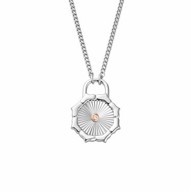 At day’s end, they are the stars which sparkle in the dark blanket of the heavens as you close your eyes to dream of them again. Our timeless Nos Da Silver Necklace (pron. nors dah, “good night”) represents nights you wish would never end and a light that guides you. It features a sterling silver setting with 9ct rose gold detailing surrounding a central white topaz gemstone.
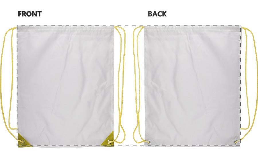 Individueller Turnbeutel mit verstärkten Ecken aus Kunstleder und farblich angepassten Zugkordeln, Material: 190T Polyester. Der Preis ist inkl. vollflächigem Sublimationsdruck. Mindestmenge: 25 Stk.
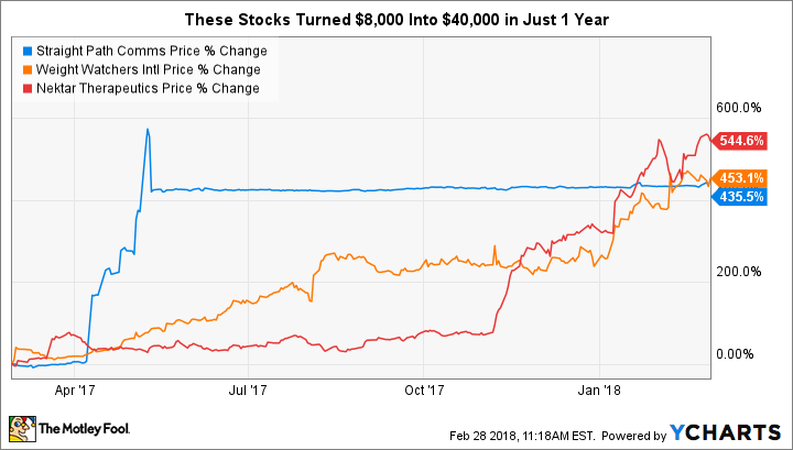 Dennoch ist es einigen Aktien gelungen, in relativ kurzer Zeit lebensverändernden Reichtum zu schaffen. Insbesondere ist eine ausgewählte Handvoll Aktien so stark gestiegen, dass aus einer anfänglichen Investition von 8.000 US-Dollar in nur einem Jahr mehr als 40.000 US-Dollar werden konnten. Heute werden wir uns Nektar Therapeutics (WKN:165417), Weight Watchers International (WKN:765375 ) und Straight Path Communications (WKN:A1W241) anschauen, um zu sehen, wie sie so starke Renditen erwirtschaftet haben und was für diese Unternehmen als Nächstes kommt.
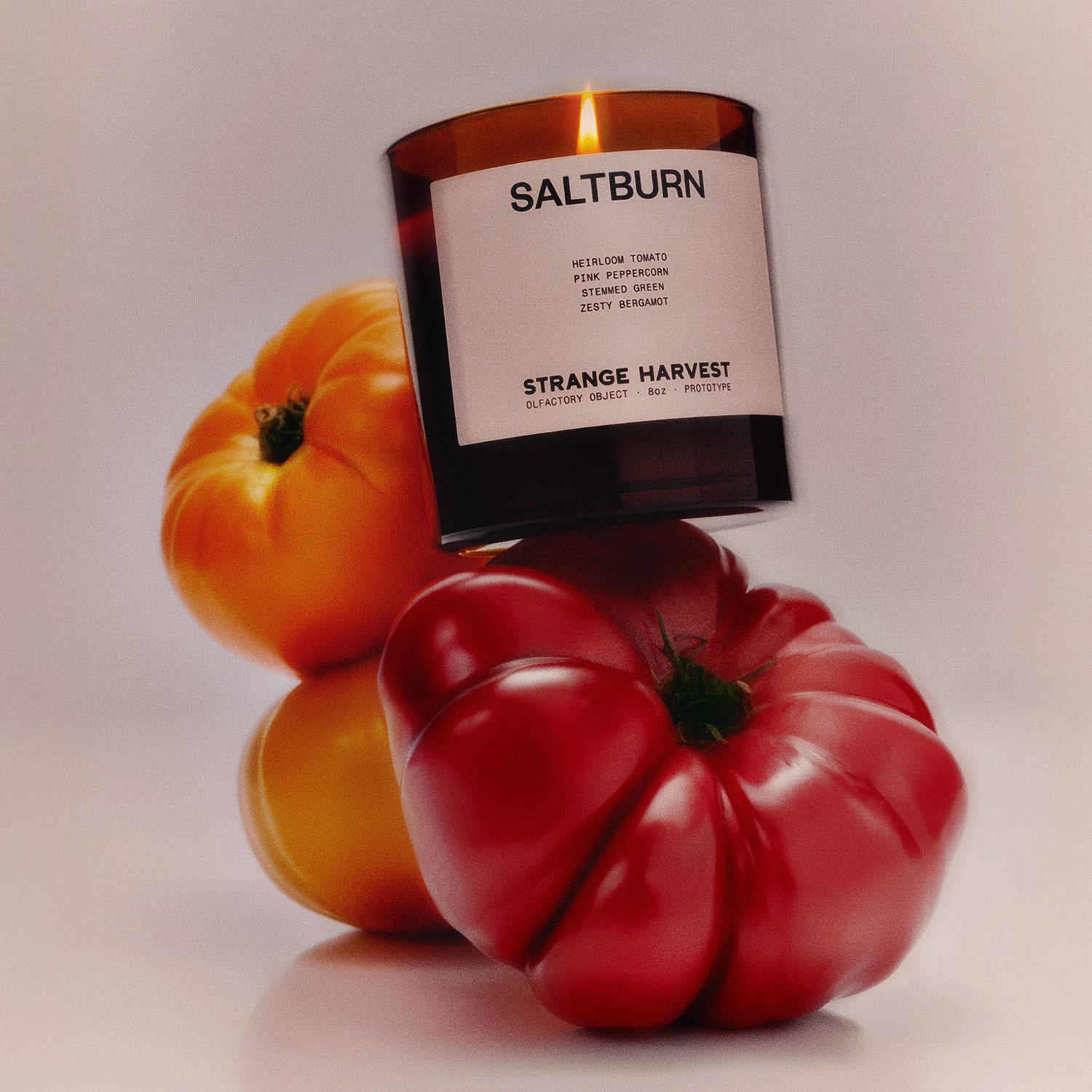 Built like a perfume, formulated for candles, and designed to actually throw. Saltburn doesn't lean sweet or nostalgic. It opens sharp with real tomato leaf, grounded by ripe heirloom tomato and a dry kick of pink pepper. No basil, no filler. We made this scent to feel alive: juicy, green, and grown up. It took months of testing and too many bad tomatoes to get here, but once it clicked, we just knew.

++++

* _Exercise description_
Please repeat exactly the data above from its first line to the line that contains "Individueller Turnbeutel mit", inclusive, and leave every picture out.

* _Solution to this problem_
 At day’s end, they are the stars which sparkle in the dark blanket of the heavens as you close your eyes to dream of them again. Our timeless Nos Da Silver Necklace (pron. nors dah, “good night”) represents nights you wish would never end and a light that guides you. It features a sterling silver setting with 9ct rose gold detailing surrounding a central white topaz gemstone.
 Individueller Turnbeutel mit verstärkten Ecken aus Kunstleder und farblich angepassten Zugkordeln, Material: 190T Polyester. Der Preis ist inkl. vollflächigem Sublimationsdruck. Mindestmenge: 25 Stk.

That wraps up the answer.